The United States police-rank model is generally quasi-military in structure. A uniform system of insignia based on that of the US Army and Marine Corps is used to help identify an officer's seniority.

Ranks
Although the large and varied number of federal, state, and local police and sheriff's departments have different ranks, a general model, from highest to lowest rank, would be:
 Chief of police/commissioner of police/superintendent/sheriff: The title commissioner of police is used mainly by large metropolitan departments, while chief of police is associated with small and medium-sized municipalities; both are typically appointed by a mayor or selected by the city council or commission. In some cities, "commissioner" is the member of the board of officials in charge of the department, while a "chief" is the top uniformed officer answering to the commissioner or commission. In very large departments, such as the New York City Police Department, there may be several non-police officer deputy and assistant commissioners, some of whom outrank the chief of department and others on par with the uniformed chief. There may be a chief of operations who is second in command to the top-ranking chief. In contrast, sheriffs in the United States are usually elected officials, one in each county, who head the sheriff's department (or sheriff's office).
 Assistant chief of police/Undersheriff/assistant commissioner/assistant superintendent: Only seen in some departments. In New York City, assistant chiefs head borough commands.
 Deputy chief of police/deputy commissioner/deputy superintendent/chief deputy/Assistant Sheriff: The top subordinate of the chief of police, commissioner, superintendent, or sheriff; may or may not have a specific area of responsibility. In some places the undersheriff is the warden of the county jail.
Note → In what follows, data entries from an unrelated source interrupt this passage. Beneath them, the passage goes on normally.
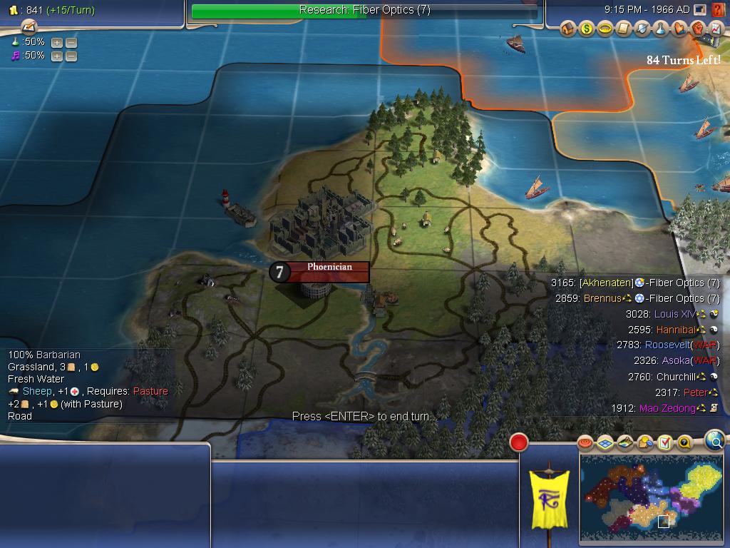 注意右下角的分数,可怜的伊丽莎白,游戏才开始不到1000年就被野蛮人灭掉了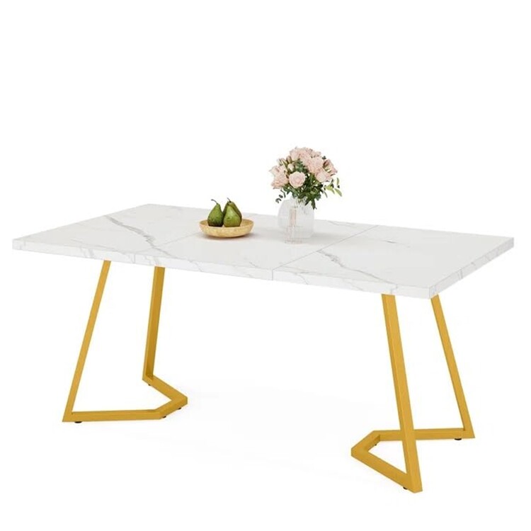 • Benjara Computer Office Desk, 55 Inch Painted Gold Metal, White Faux Marble image - 1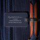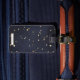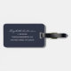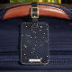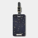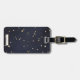 Personalisierte Gepäckmarke mit einem goldenen Sternmuster auf einem marinebasierten Hintergrund.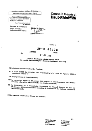portant fixation du prix de journée 2010 du service d'accueil de jour "Gustave Stricker" à ILLZACH. Resumé Pièces jointes ARRETE Assemblée : Non défini Date : 07/07/2010 Rapporteur : Non défini Collectivité : Conseil départemental du Haut-Rhin Direction : Non défini Service : Direction de l'Autonomie Domaine : Prix de Journée Commission :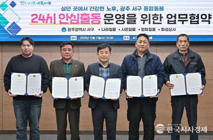 한국시사경제 광주취재본부 | 광주광역시 서구가 주민 일상 속 불편을 신속하게 해소하기 위해 팔을 걷어붙였다. 서구는 17일 서구청 나눔홀에서 관내 착한가게 4곳과 함께 ‘24시 안심출동’ 사업의 안정적 운영을 위한 업무협약을 맺고 빈틈없는 돌봄 서비스 제공에 협력하기로 했다. 이날 협약식에는 김성배 부구청장을 비롯해 윤순섭 화성상사 대표, 이영일 평화철물 대표, 주재식 나라철물 대표, 이영주 시온철물 대표가 참석했다. 이 업체들은 매월 정기 기부로 나눔을 실천하는 ‘착한가게’로 이웃돌봄 역할에도 적극적으로 참여하고 싶다는 뜻을 밝혔다.

The New York City Sheriff's Office has five undersheriffs: each one is responsible for a borough of New York City, with the Sheriff of the City of New York overseeing all of them. In some Sheriff's Offices, the rank of Assistant Sheriff exists, below the Undersheriff, but still above Commander and other ranks.
 Inspector/commander: Sometimes have an insignia of a single star, analogous to brigadier generals, but in other areas wear a gold or silver eagle, similar to a colonel. "Inspector" is also used as a term for "detective" in the San Francisco Police Department but is two ranks above captain in the NYPD and the Philadelphia Police Department. In the NYPD, inspectors command divisions, which may be groups of precincts within a borough or specialized branches of the police service.
 Colonel or lieutenant colonel: A majority of state police as well as some municipal agencies use "colonel" or "lieutenant colonel" as their senior executive rank, often jointly with a civilian title such as "superintendent, deputy superintendent", "commissioner, deputy commissioner" or "director, deputy director", "Chief, Deputy Chief", etc. Conversely, the colonel or lieutenant colonel rank is rarely employed by other agencies, though it is used by the Baltimore Police Department and other Maryland agencies as either an executive or commander-like rank. Colonels generally wear the gold or silver eagle of a military colonel, and lieutenant colonels have the oak leaf of a Military lieutenant colonel, from the U.S. armed forces. Many sheriffs also wear the eagle insignia, and use colonel as an official rank.
 Major/deputy inspector: Sometimes Majors/Deputy Inspectors have the insignia of a gold or silver oak leaf, similar to a major or lieutenant colonel in the armed forces. In the Baltimore Police Department and Atlanta Police Department, majors supervise police stations.
 Captain: Two gold or silver bars ("railroad tracks"). A Captain often supervises a police station but can supervise another division or unit (detectives, patrol, etc.) in smaller departments and only certain sections of a police station in larger departments. In the NYPD, captains are the normal commanders of precincts.
 Lieutenant: Wearing a single gold or silver bar, a lieutenant supervises two to three or more sergeants. Lieutenants can supervise an entire watch shift in a police station or detective squad (narcotics, homicide, etc.) in larger police departments, entire barracks in state police departments, and entire precincts in smaller police departments.
 Sergeant: Three chevrons, a police officer who supervises an entire watch shift in smaller departments and areas of a precinct and individual detective squads in larger departments. Some agencies, such as the New Jersey State Police, use a para-militaristic range of sergeant ranks, such as staff sergeant and sergeant first class, in addition to the basic sergeant rank.
 Detective/inspector/investigator: An inspector/detective/investigator usually works in plain clothes. This may be in several classes that correspond to higher supervisory and pay grades. In the NYPD, the detective rank is technically a designation: detectives do not actually outrank police officers although they are in charge of cases and are often senior in years of service, and so have a certain degree of authority beyond police officers in specific situations. Detectives also perform undercover duties for some of their cases.
 Officer/deputy/trooper/corporal: A regular officer or deputy wears no rank insignia, and there may be several pay grades. Corporals, who may be senior officers or acting watch commanders, wear two chevrons. A police corporal is generally employed as an officer as an entry level supervisor position. These duties may include one or more of the following roles: 
 Detective
 Division supervisor
 Field training officer (FTO) (in some departments, field training officers are not given any supervisory powers and hold no higher rank than other officers).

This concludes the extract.